Bonnie Barstow: Actually the Foundation was thinking of adopting Sheeba as a pet.
K.I.T.T.: You have to be kidding!
Michael Knight: Hey, we have a K.I.T.T... Why not have a cat?
K.I.T.T.: Very funny!
Bonnie Barstow: So this is the Retreat huh?
Michael Knight: Was, past tense. It's all over now.
Bonnie Barstow: But it was great while it lasted, huh?
Michael Knight: Oh, come on, Bonnie, what's so great about beautiful women running around in bikini's catering to your every need?
Bonnie Barstow: I don't know. You tell me.
Michael Knight: You got a couple of hours?
Bianca Morgan: What a pity, Michael. I was looking forward to that lecture on mass and velocity.
K.I.T.T.: Michael, whatever happened to the good old days when we simply turbo boosted over fences and crashed through walls?
K.I.T.T.: Michael, are you really certain you want to go through with this?
Michael Knight: K.I.T.T., is my hunch is right, the contacts are somehow made at the Si14 Restaurant, and I gotta have to pass my self off as one very hot piece of space age man power.

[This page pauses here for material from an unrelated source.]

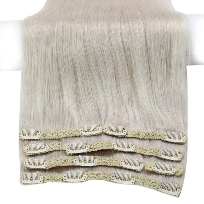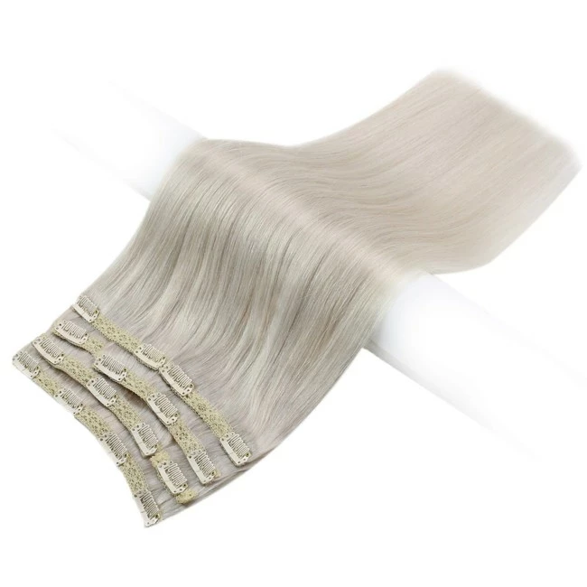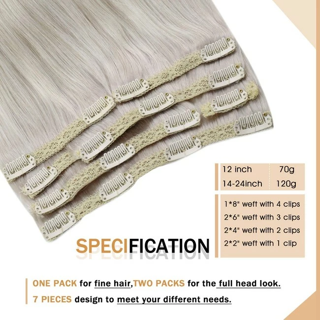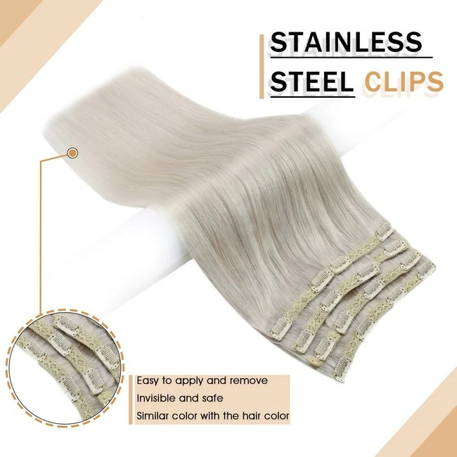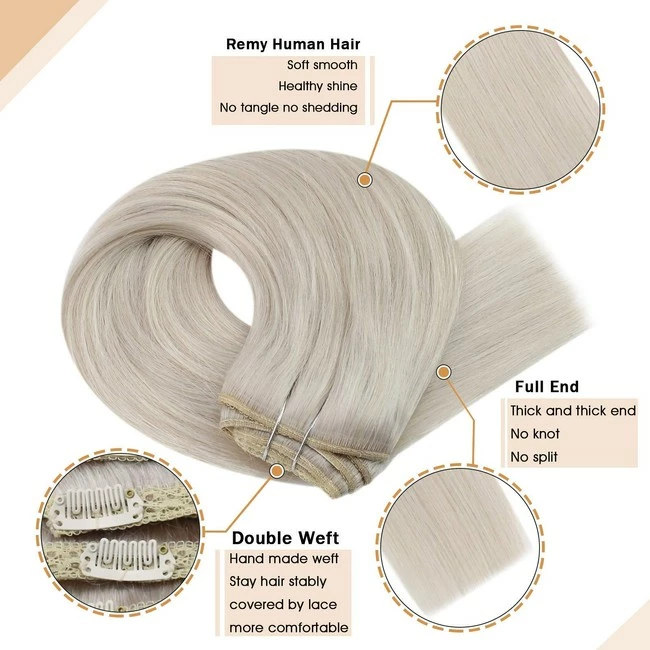 Remy Clip in Hair Extensions Platinum Blonde Double Weft Human Hair,YoungSee White Blonde Clip in Extensions Real Straight Hair Clip in Human Hair Extensions Full Head Set 7pcs/100g 16inch by YoungSee Store

Michael Knight: K.I.T.T., I know it'll be asking a lot, but can you make me into a brilliant computer scientist?
K.I.T.T.: Michael, that's not asking a lot, that's asking a miracle.

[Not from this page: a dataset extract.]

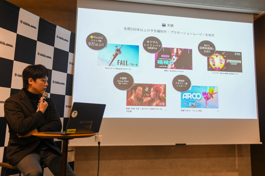本イベントを主催した株式会社ココロドルは、年間100本以上の映画予告編を手がけている2016年創業の企業だ。昨今では、地上600mの高層鉄塔に取り残されるという衝撃設定がSNS界隈中心に話題を呼んだ『FALL』、ゆりあんレトリィバァの初監督作で海外の映画賞でも高評価を受ける『禍禍女』、ナタリー・ポートマンが製作陣に名を連ね、今年のアカデミー賞長編アニメーション部門にもノミネートされている『ARCO/アルコ』などの予告編制作を担当している。そして、この日登壇した同社の密本雄太社長は、高IQの人々で構成されるMENSA会員に名を連ねているハイスペックな人物でもある。

Harley Freeman: What kind of woman are you?
Bianca Morgan: A businesswoman. You wouldn't have had as much fun with a saint.
Michael Knight: That's right, it's called para-sailing.
K.I.T.T.: Wrong, it's called total insanity.
Michael Knight: Well, it just happens to be one of the most popular sports in Acapulco. Only there they do it off the backs of motorboats.
K.I.T.T.: Michael, we're not in Acapulco, and I have about as much in common with motorboat as you have with a seagull.